A common misconception for companies or managers is the assumption that the country an employee has travelled to has exactly the same rules and treaties as with what they are familiar.
They may also mistakenly assume that there are no tax consequences if an employee spends less than 180 days in a particular country. Therefore, companies might not be properly tracking EBTs/FBTs and their activities when visiting various countries.
Clearly, non-compliance is not an acceptable option, but what might be done?
Tracking Stealthy Travelers
The importance of tracking EBTs/FBTs abroad can be painfully obvious to some companies if a disaster or act of terrorism occurs and they need to identify their employees’ locations quickly to determine if they are safe.
Tracking EBTs/FBTs is also critical for compliance purposes and often falls on the shoulders of Global Mobility or International HR with travel partners, tax partners and/or relocation partners playing key roles too. Companies need to have answers to key questions such as:
Who… are our EBTs/FBTs exactly and to which department of the company do they report?

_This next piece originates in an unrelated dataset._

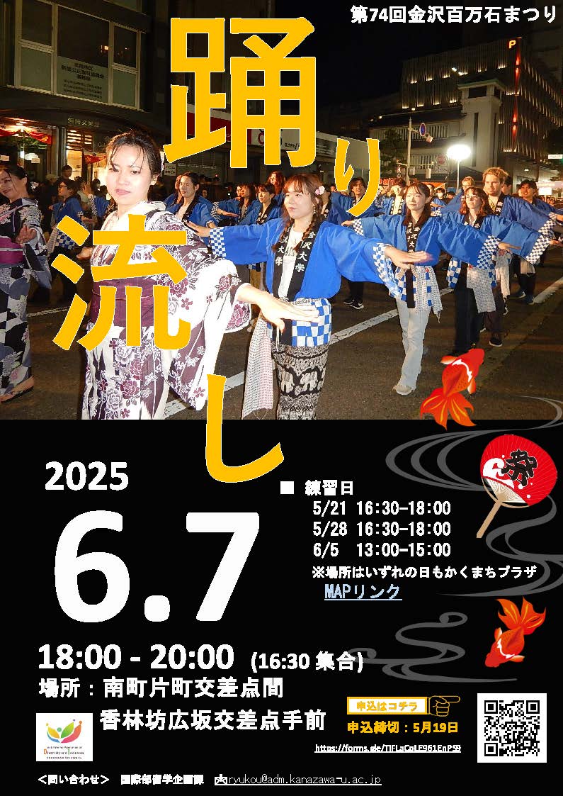 6月7日に実施される「百万石踊り流し」に金沢大学の一員として参加する学生を募集します!金沢を代表するお祭りで一緒に踊りませんか?添付のチラシを確認の上、参加を希望する場合は、5月19日までに申込フォームからお申込みください。

What…is the nature of work the EBTs/FBT is conducting on the trip?
Where…are employees doing business and to what countries are they travelling?

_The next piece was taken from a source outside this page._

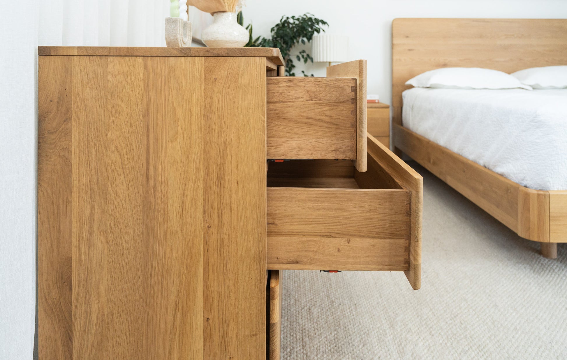 Introducing the Solara dresser, part of our refined Solara bedroom range. Crafted from 100% American oak, it showcases soft, rounded corners for a sleek, inviting look. With luxurious, lined drawers that feature smooth, push-to-open technology, this piece merges practicality with a modern aesthetic. Designed to bring natural warmth and contemporary elegance, the Solara range is perfect for enhancing any bedroom with lasting comfort and style.

When…is each business trip beginning and ending, including side trips to neighboring countries and the purpose of those diversions?
How…many times and for how long has the employee visited a country on business during each trip?

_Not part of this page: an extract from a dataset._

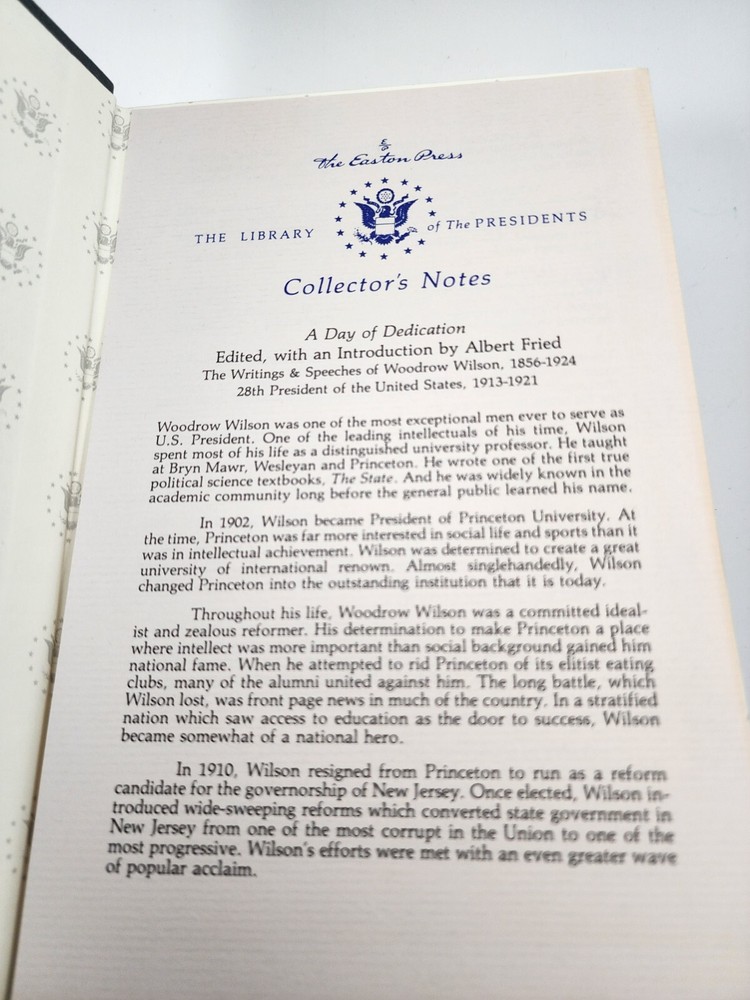 A Day of Dedication: The Essential Writings & Speeches of Woodrow Wilson Wilson, Woodrow and edited by Fried, Albert Norwalk, Connecticut: The Easton Press, 1988. Bound in rich full leather - extensive gilt decoration on spine and both boards - raised bands on the spine - archival quality paper and satin ribbon bookmark. 8vo - 6 ½ x 9 ½”. 473 pp. Includes “Collector’s Notes” laid-in. Good. Damp-stains to the lower tips of the last several pages. Otherwise the interior is unmarked. The binding is solid. Be sure to take a look at my store for similar items. Please feel free to ask any questions. Payment is requested as soon as possible. Shipment is made when payment has cleared. We will gladly combine shipping on multiple items to save on shipping costs. 100% Satisfaction Guaranteed - If you are not satisfied with your purchase, please contact us within 30 days of receiving the item. We consider a sale final after 30 days. All items must be returned with their original materials to receive a refund. Shipping is non-refundable.

A suggestion is to integrate an online tracking calendar for use by EBTs/FBTs to record their daily travel. Such reporting software would be accessible by one’s Global Mobility or International HR department to identify which EBTs/FBTs are where, when and why. Such reporting can also facilitate proactive planning and provide actual paper tracking records if ever audited by tax authorities.
Reducing Risk Exposure
To reduce your risk exposure for EBTs/FBTs compliance issues, companies should consider:
securing buy-in from key company stakeholders and global service partners to plan for, identify and track all EBT/FBT movements;
educating EBTs/FBTs on company business policy/practice and the importance and expectation of daily tracking while abroad;
creating an EBT/FBT tracking system that can help answer key questions at a moment’s notice (Who, What, Where, When and How);
conducting simulated, regularly scheduled audits to help ensure compliance;
developing a strong, active working relationship with one’s global tax and immigration partners to receive country updates on changing laws or regulations, asking them to suggest compliance recommendations to avoid issues before they happen, and/or have those partners track the business travel history of company EBTs/FBTs;
consulting legal counsel for risk assessment/ management and integrating their input when developing business-related travel policies that may impact EBTs/FBTs; and
striving to make the EBT/FBT travel policy in line with other formal global mobility policies in scope, mission and consistency. This can be challenging considering the nuances and scope, but the investment in time might improve and formalize one’s EBT/FBT benefits and the expectations that go along with them as it is done with relocation policies;
Above all, proactive planning, rather than reactive responding, is truly important to making a well-oiled and audit proof EBT/FBT program – especially for companies that have limited resources and are growing rapidly in the global marketplace.
Here to Help
It is part of a company’s duty of care culture to ensure compliance, tracking, and risk-management programs have been established to support their employees wherever they go on the company’s behalf.